To develop an improved method for quantitative assessment of antimicrobial efficacy and substantivity of mouth rinses and dentifrices on in vivo treated plaque.


Nine- and 72-h-old plaques were formed in volunteers carrying out standardized hygiene using NaF-containing dentifrice. Plaques were collected before (baseline) in vivo treatment with dentifrices or chlorhexidine mouth rinse, immediately post-treatment and after 1 or 6 h, dispersed in demineralized water and stained with live/dead stain after which bacteria were enumerated. Dispersed baseline plaques were treated with dentifrices or chlorhexidine to determine antimicrobial efficacy against planktonic bacteria.
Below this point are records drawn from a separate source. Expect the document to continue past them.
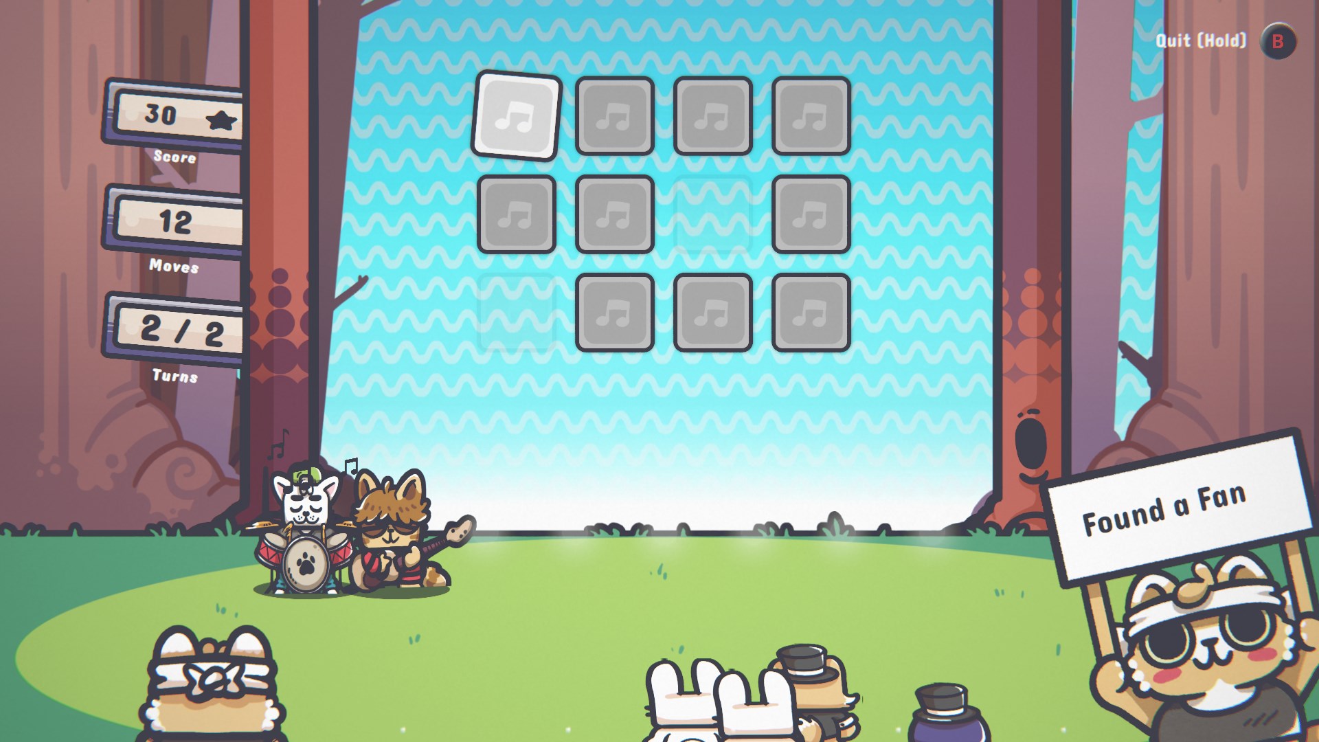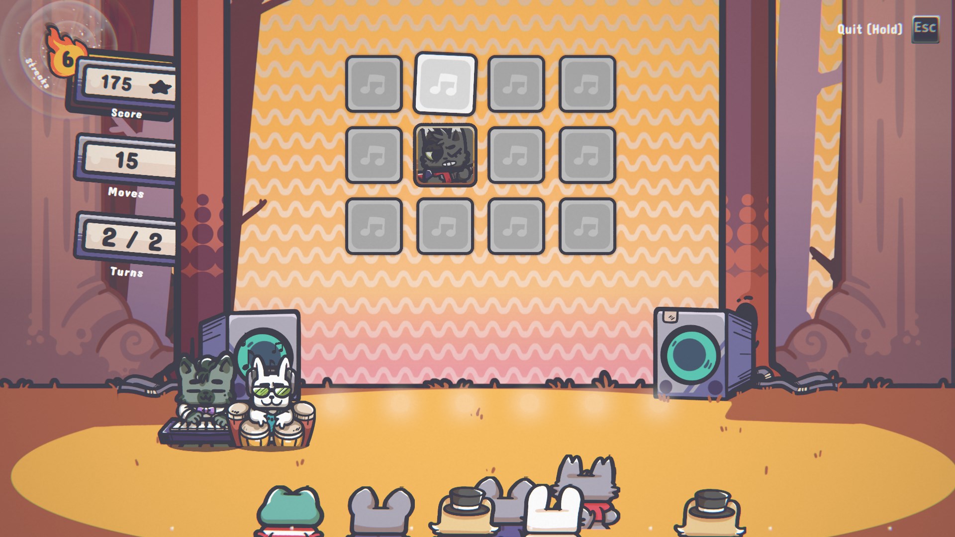 Every time you match a pair, a musician steps onto the stage and the soundtrack evolves — turning gameplay into music.
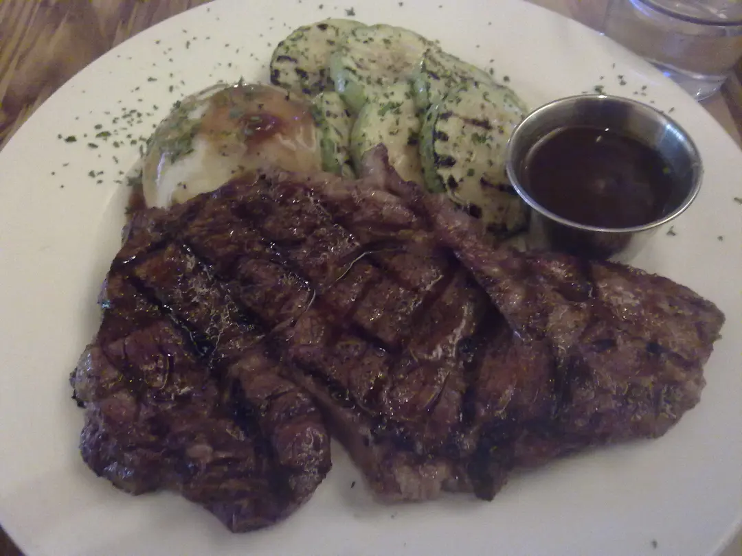 安格斯肉眼 (7成熟) 本身想叫西冷 但店員推介肉眼.本身有d怕肉林但味淡,但佢兩樣都做到.而且做到7成應有既外脆內暖.不過鹹味欠奉,幸好有燒汁搭配.都唔錯!薯溶好好食 絲瓜係唯一不到位之處
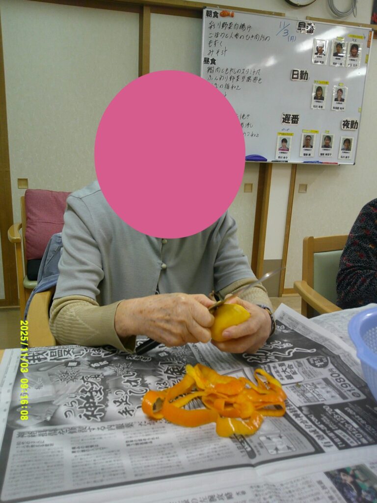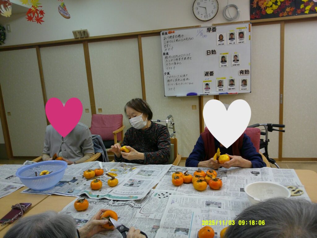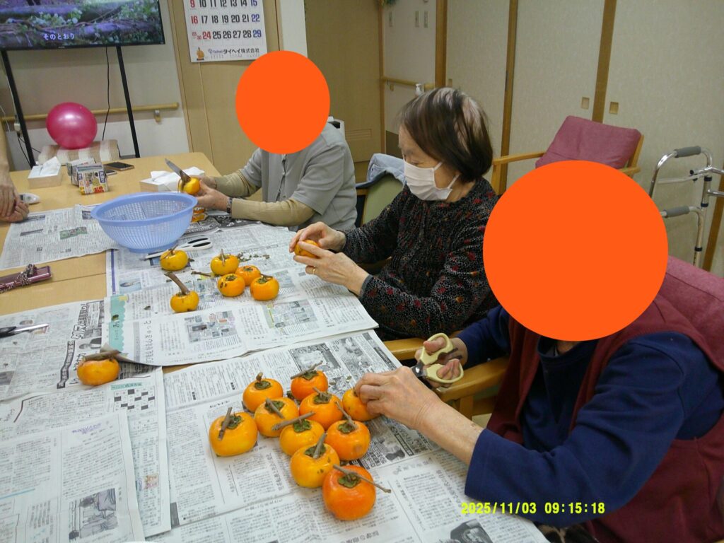 お知らせ なじみの家 きなせや内野 🍂🍂🍂干し柿作り🍂🍂🍂 2025年11月04日 今回は、干し柿作りを行いました🍁🍁🍁 利用者様も参加し頑張っています 皮をむいたりヘタを切り取ったり 皆さん頑張って下さいました💕💕💕 Digital Camera 美味しくできますように🥰🥰🥰 いいね (6) 文化祭見学してきました 玄関を華やかに🌼
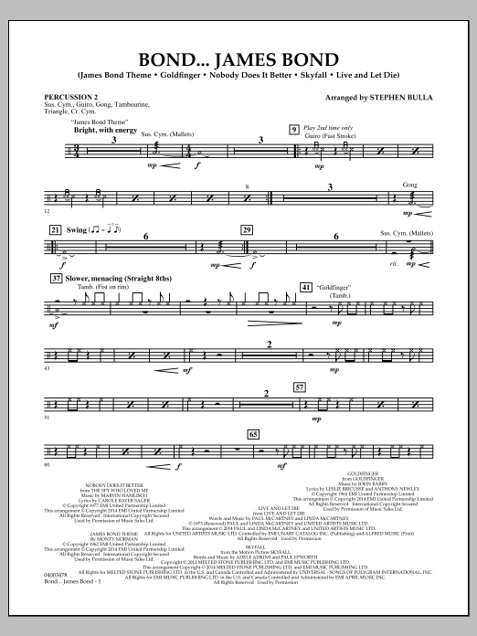 In den letzten fünf Jahrzehnten ist die Musik aus der James-Bond-Filmreihe zu einem Teil unserer Musikkultur geworden. Diese kraftvolle Vertonung bekannter Filmthemen wird alle Zuhörer ansprechen.
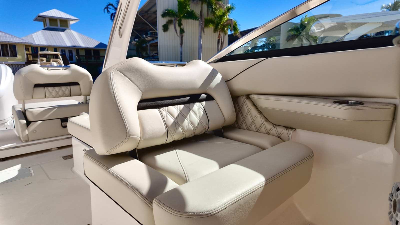 Practicality meets luxury in the Regal LX6 Bowrider. The fender clips simplify docking, allowing you to secure your boat quickly and efficiently. The trim tabs offer precise control over the boat’s performance, ensuring a smooth and comfortable ride regardless of water conditions. Storage solutions are thoughtfully integrated throughout the vessel, providing ample space for gear, water toys, and personal items without compromising on style or comfort.The Yamaha F350XSA2 engine’s fuel efficiency means you can spend more time enjoying the water and less time refueling. The dual Garmin displays and B60 transducer make navigation and fish finding effortless, whether you’re exploring new waterways or returning to your favorite fishing spot. The Regal LX6 Bowrider is designed to make ownership easy, enjoyable, and stress-free.
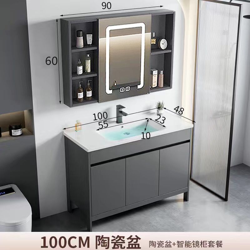 • 90 세라믹 세면대 + 김서림 방지 스마트 거울 캐비닛
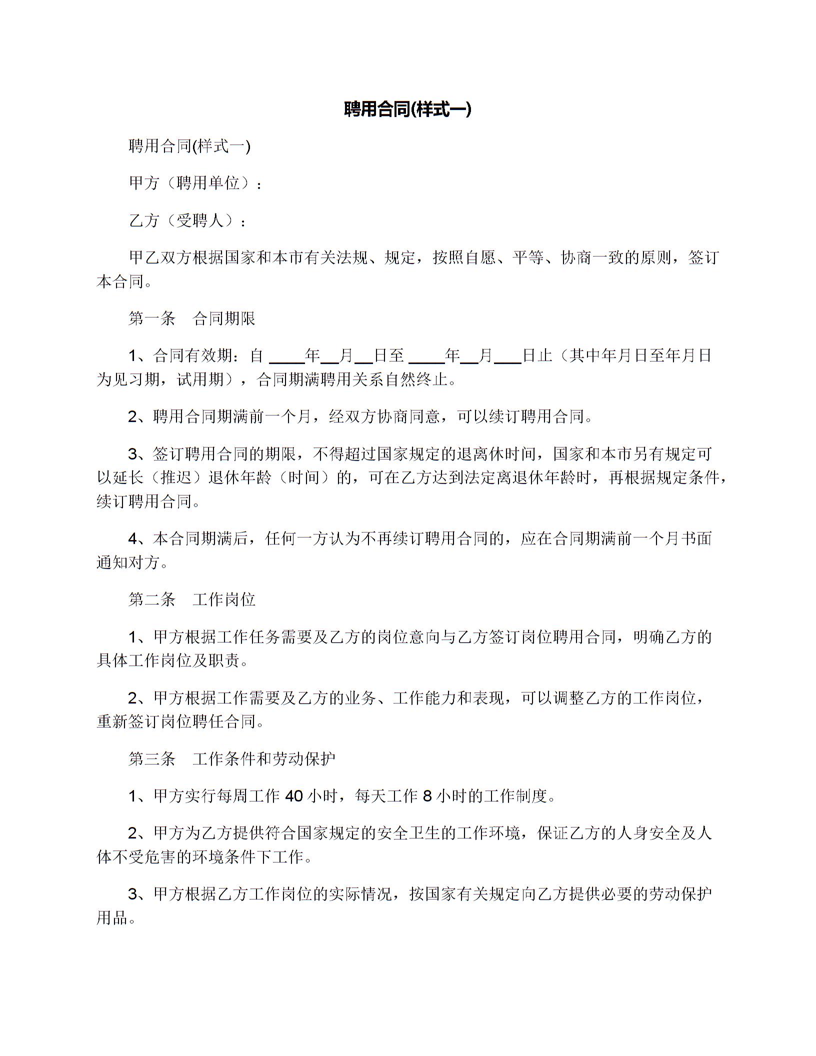 聘用合同(样式一)
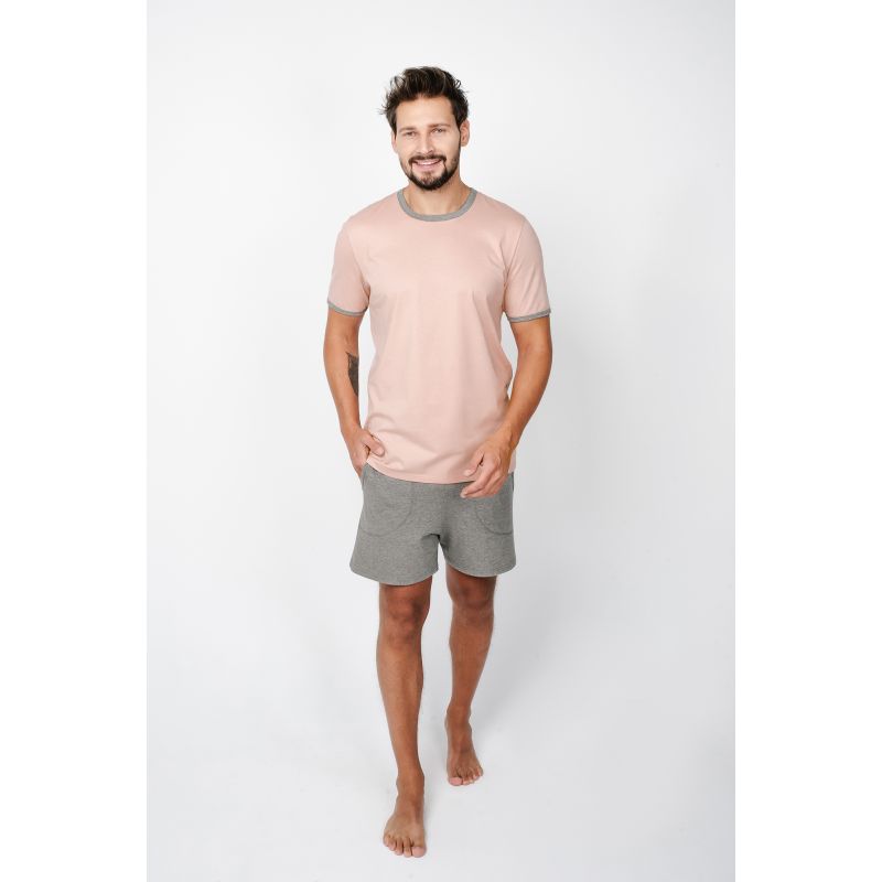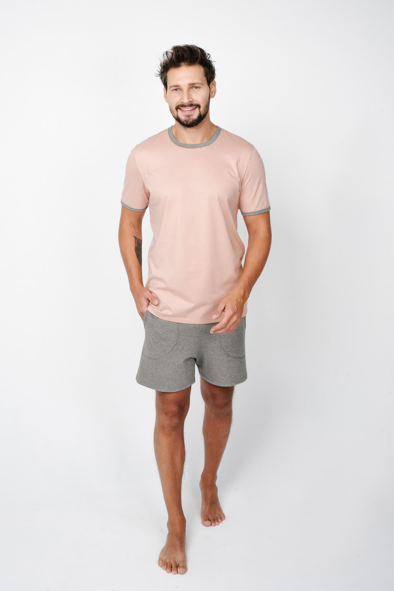 Pyžamo Nikodem je funkční klasika v pastelových odstínech. Veselé barvy v kombinaci s tlumenou šedou dělají pyžamo stylové a noblesní. Ozdobné zakončení rukávů a výstřihu odkazuje na spodní část soupravy. Jedinečnou předností modelu NIKODEM jsou kapsy u kraťasů. Pánské pyžamo je vyrobeno z žerzejové bavlny, která je považována za vysoce kvalitní materiál. Přirozenost, měkká struktura a jemné přilnutí k tělu učiní muže ochotné používat tento set nejen na spaní. Charakteristické vlastnosti: • 100% bavlněný žerzej • Volný střih, nekompresivní elastický pas • Kapsy.
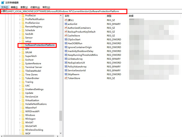 2、在注册表文件列表中找到SoftwareProtectionPlatform文件,然后进行点击。
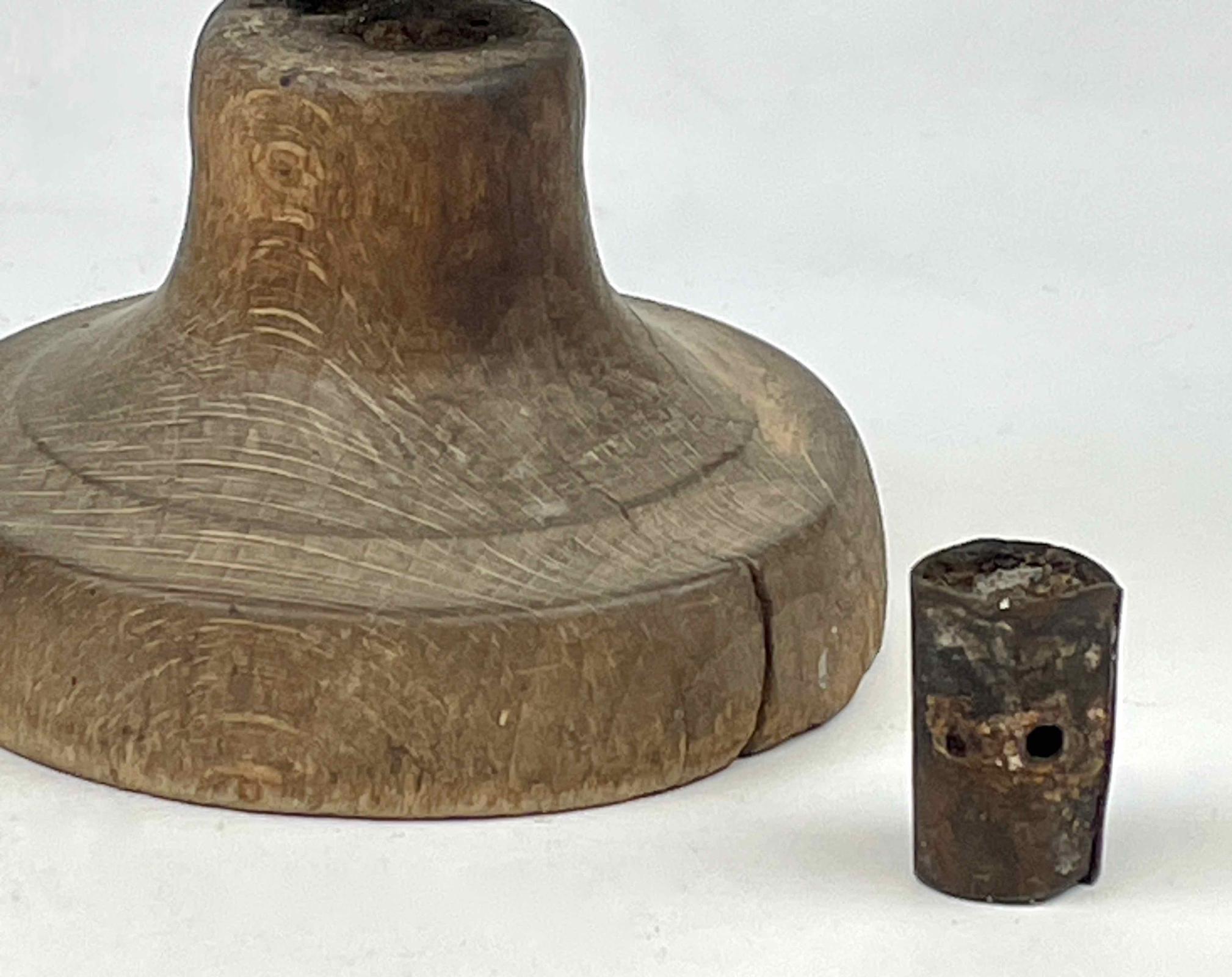 The handle to raise and lower the candle ejector of candlestick 1969.269.1 has broken off, and the ejector base is now loose inside the stick. The once round base has shrunk to an oval. It has a split in one side and is likely a later replacement.

Baseline plaques revealed 56-41% viable organisms in 9- and 72-h-old plaques, respectively. Treatment of planktonic (dispersed baseline plaque) bacteria resulted in 1-4% viable organisms. Chlorhexidine mouth rinse and dentifrices produced strong immediate antimicrobial effects, but after 1 or 6 h, the proportion of viable organisms in 9-h-old plaques rebounded significantly with only chlorhexidine mouth rinse retaining significant efficacy. Seventy-two-hour-old plaques were less susceptible to antimicrobials, although dentifrices appeared more effective after 6 h than initially, whereas efficacy of chlorhexidine rinse continued to drop with time post-treatment.


The proposed method holds promise for assessment of both immediate and retained antimicrobial actions of oral treatments against dental plaque in vivo.